ROCA Test® For Early Detection of Ovarian Cancer Is Now Available In Quad Cities
Women in the Quad Cities now have access to one of the most advanced tools for early detection of ovarian cancer.
Abcodia, a clinical stage company developing novel tests for the early detection of cancer, has announced the availability of the ROCA Test® for use in 43 states, including Illinois and Iowa.
The ROCA Test® uses a number of clinical variables such as age, menopausal status and serial blood measurements of biomarker protein, CA-125, to assess the likelihood that a woman has ovarian cancer. The ROCA Test® is the first step in a multimodal assessment for ovarian cancer and can be used to help physicians assess whether a woman should undergo additional testing, including transvaginal ultrasound scan of the ovaries.
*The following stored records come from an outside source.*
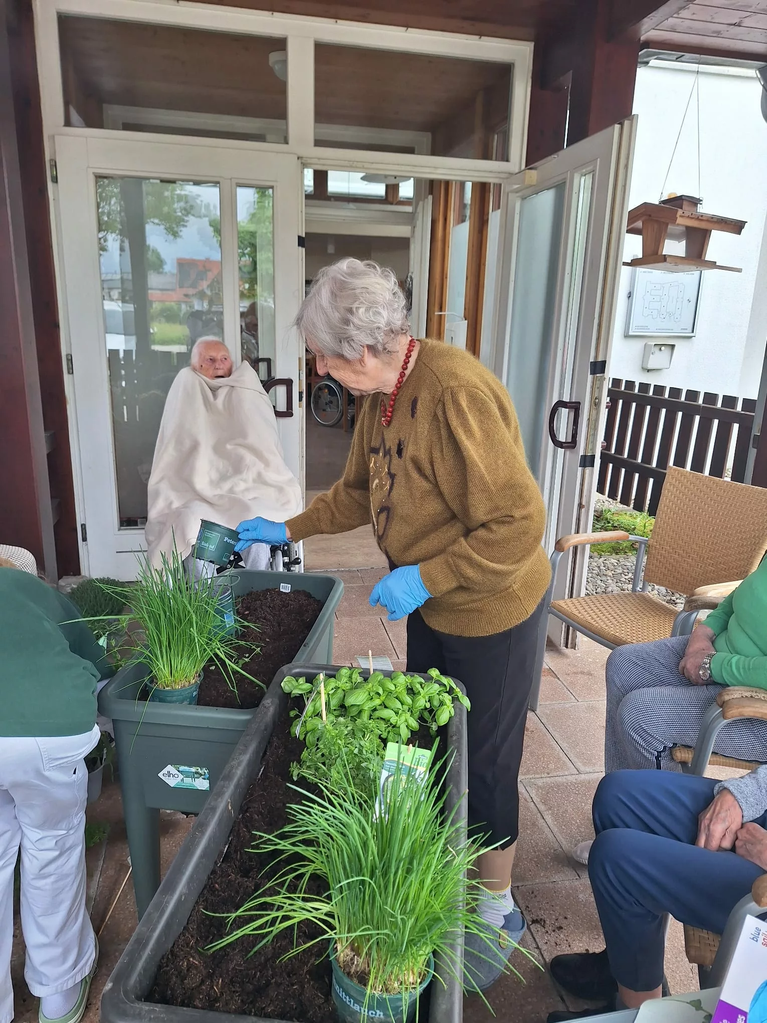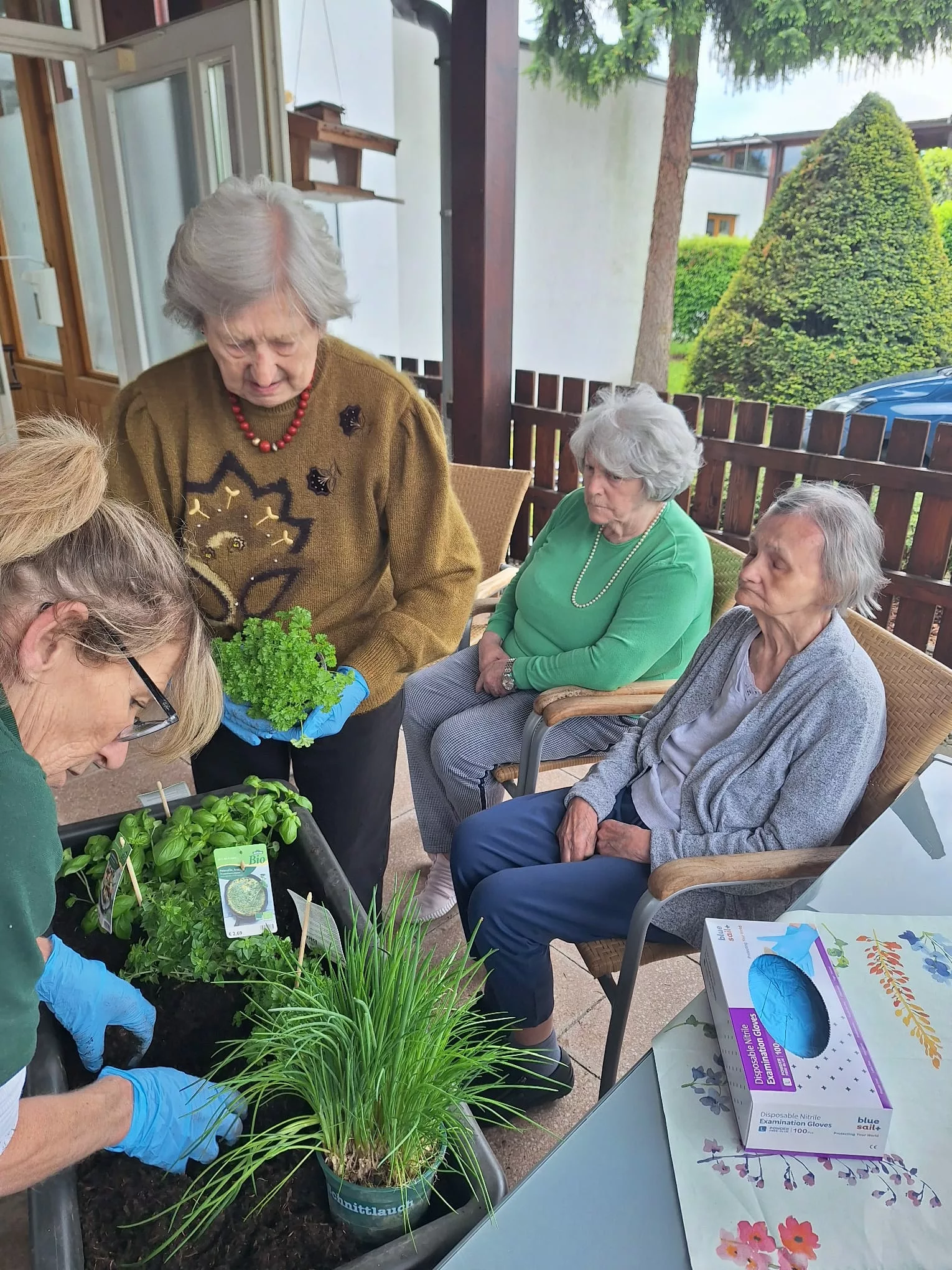 Im Haus wurde kürzlich ein ganz besonderes Projekt umgesetzt: Unsere Bewohnerinnen und Bewohner setzten gemeinsam verschiedene Kräuter in kleinen Hochbeeten an.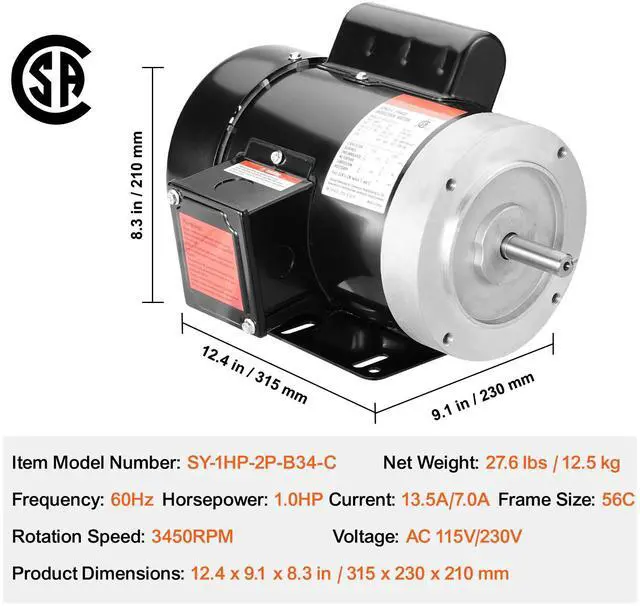 Horsepower: 1.0HP,Voltage: AC 115V/230V,Item Model Number: SY-1HP-2P-B34-C,Frequency: 60Hz,Product Dimensions: 12.4 x 9.1 x 8.3 in / 315 x 230 x 210 mm,Current: 13.5/7.0A,Net Weight: 27.6 lbs /12.5 kg,Frame Size: 56C,Rotation Speed: 3450 RPM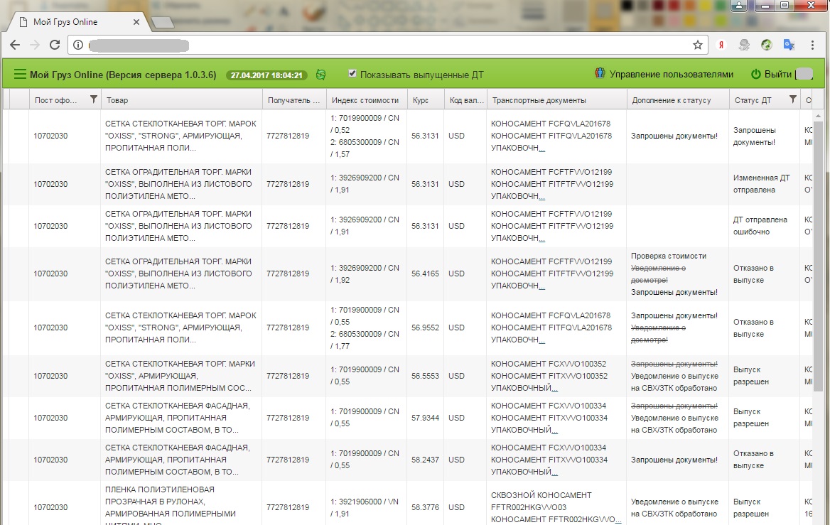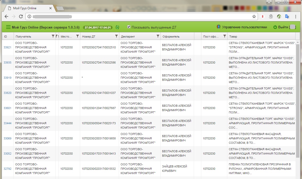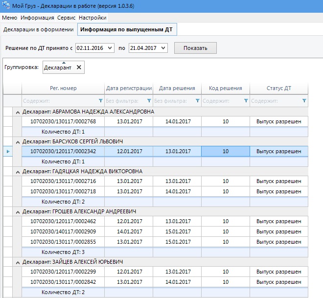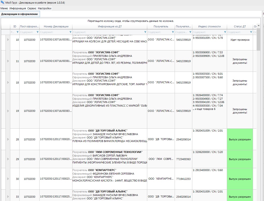 Клиентская часть программы представляет собой список из строк, в котором каждая строка - информация о декларации: номер ДТ, информация, характеризующая ДТ (отправитель, получатель, товар), текущее состояние процесса оформления ДТ, дата последнего статуса, имя инспектора, который работает с ДТ и т.д. Порядок столбцов с нужной информацией настраивается.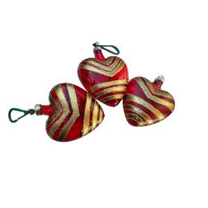 Set Of 3 Red & Gold Heart-Shaped Christmas Tree Ornaments With Glitter Stripes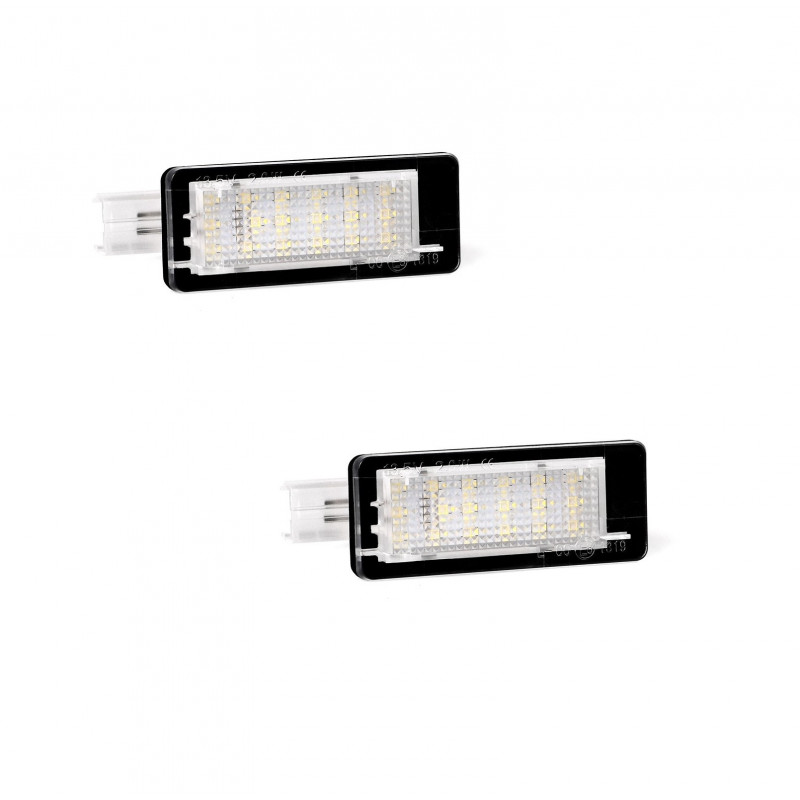 Estos plafones de 18 leds son compatibles con la matrícula trasera de varios modelos de Mercedes y Chrysler. Su aplicación más importante es el Mercedes W209.
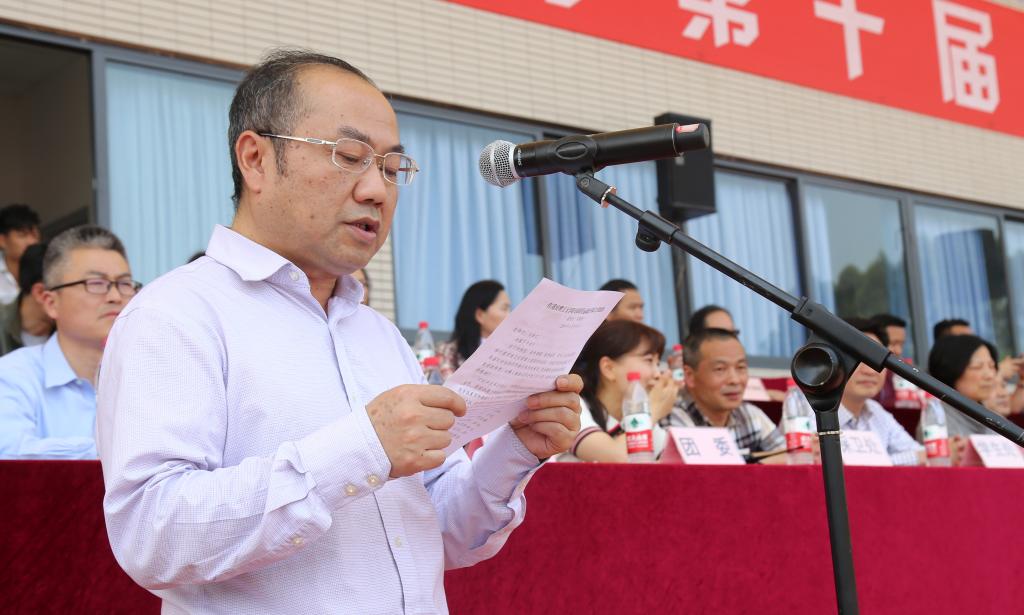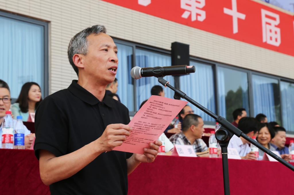 校体委主任、副校长何建国致开幕词。何校长代表学校党政向本届运动会的召开表示热烈的祝贺!向为筹备本次运动会付出辛勤劳动的全体工作人员表示衷心的感谢!向积极参加比赛项目的全体运动员、裁判员表示良好的祝愿!向一直关心支持体育工作,并为学校体育工作作出辛勤奉献的同志们表示衷心的感谢!在简短介绍学校体育运动发展史及取得的辉煌成绩后,何建国指出:“田径运动会既是学校体育水平的一次集中检阅,也是我校师生精神面貌的充分展现,更是所有运动员身心素质的综合考验,同时又是各单位集体意识、竞争意识、顽强拼搏精神的综合展现。”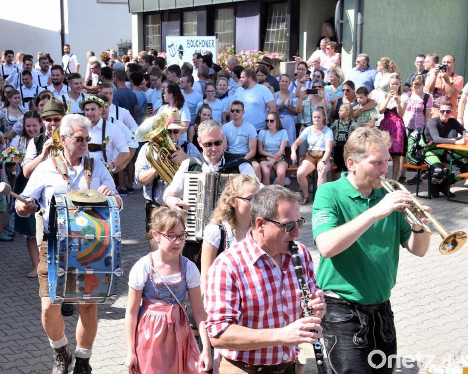Dass die Kirwatasche mit Schnoderhüpfl randvoll gefüllt ist, gehört im Dorf dazu. "Wir sind immer richtig neugierig, was so alles von den jungen Leuten breit getreten und auch manchen Nachbarn in die Maß gespuckt wird", hieß es am Rande. Da wurde im Dreizeiler der überbreite Rasenmäher durch das Dorf geschoben, der nicht mehr durch das Gartentürl passt, und die Weißwurst-Party in Friebertsheim gelobt.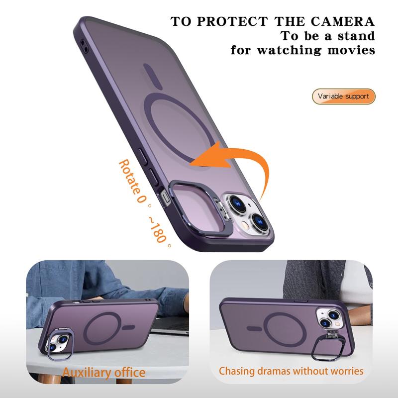 For iPhone 14 Metal Invisible Camera Holder MagSafe Magnetic Phone Case(Purple)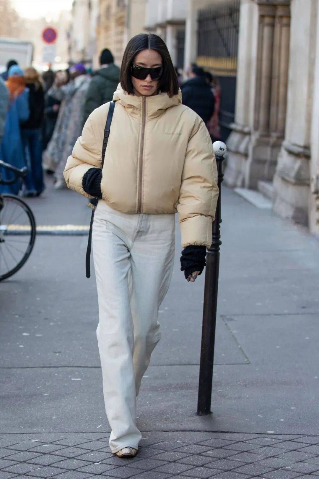 短款羽绒服的流行,打破了羽绒服向来笨重的轮廓。它让冬天的穿搭重新获得灵活度。长度的缩短,释放了下半身的空间,也带来了更鲜明的层次关系。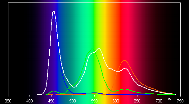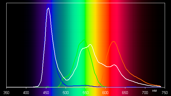 Участие белого субпикселя проявляется в частности в том, что спектр белого явно не является простой суммой спектров красного, зеленого и синего цветов. Отметим, что белый субпиксель позволяет легко смещать баланс яркости белых участков относительно цветных. Тем не менее, визуально дисбаланса яркости не наблюдается.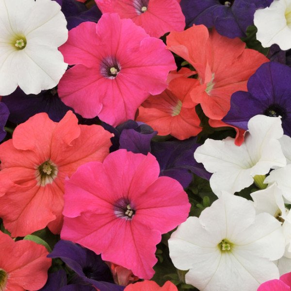 Petunia grandiflora Tango F1 mix Карликовый, долго цветущий гибрид петунии с большими цветами серии «Танго F1», который не требует использования химических регуляторов роста. Имеет компактную форму,одновременный период цветения и поэтому есть одной из лучших декоративных культур. Гибрид стойкий к смене погодных условий. Семена дражированые, что делает посадку удобной. уникальная приспособляемость петунии к различным условиям возделывания, почвам и климату, несложность агротехники, длительность и яркость цветения сделали ее одной из популярных культур цветоводов и озеленителей. В настоящее время петуния занимает одно из первых мест среди летников, и с появлением новых групп и гибридов интерес к ней все увеличивается. Высевают в теплицы с февраля по апрель в ящики из влажным грунтом. Сейте редко, слегка прижимая семена к земле, но не присыпайте их землей. Накройте посевы стеклом или полиэтиленовой пленкой. Температурный режим от +10 до +15°С . Регулярно поливайте посевы. Пикировку сеянцев проводят в кассеты 3х3 см. Рассаду на постоянное место высаживают в мае – июне месяце. Срок рассады перед высадкой в открытый грунт должен составлять 3 месяца. Грунт должен быть легким с высоким содержанием питательных веществ. Регулярно поливайте растения. На протяжении цветения, с июня до заморозков, регулярно удаляйте цветы, что отцвели, для того чтобы продлить цветение. Подкармливают растения комплексными минеральными удобрениями, в состав которых входят микроэлементы.

The ROCA Test® is intended for post-menopausal women ages 50 to 85 with no known ovarian cancer risk factors. The test can also be used with women 35 to 85 who are considered to be at high risk of ovarian cancer because of family history of ovarian or breast cancer, or a mutation in specific genes such as BRCA1 and BRCA2 or Lynch Syndrome genes.
In a 15-year clinical trial involving 50,640 post-menopausal women, the ROCA Test® accurately detected 85.8% of ovarian cancers by comparing a patient’s blood marker profile to known profiles of women with and without ovarian cancer.
“This is an important advancement for earlier diagnosis of ovarian cancer, which often is only detected when the cancer has already advanced to a later stage,’’ said Jodie Kavensky, founder and CEO of the NormaLeah Ovarian Cancer Initiative, a Quad-Cities advocate for improved screening and detection of ovarian cancer.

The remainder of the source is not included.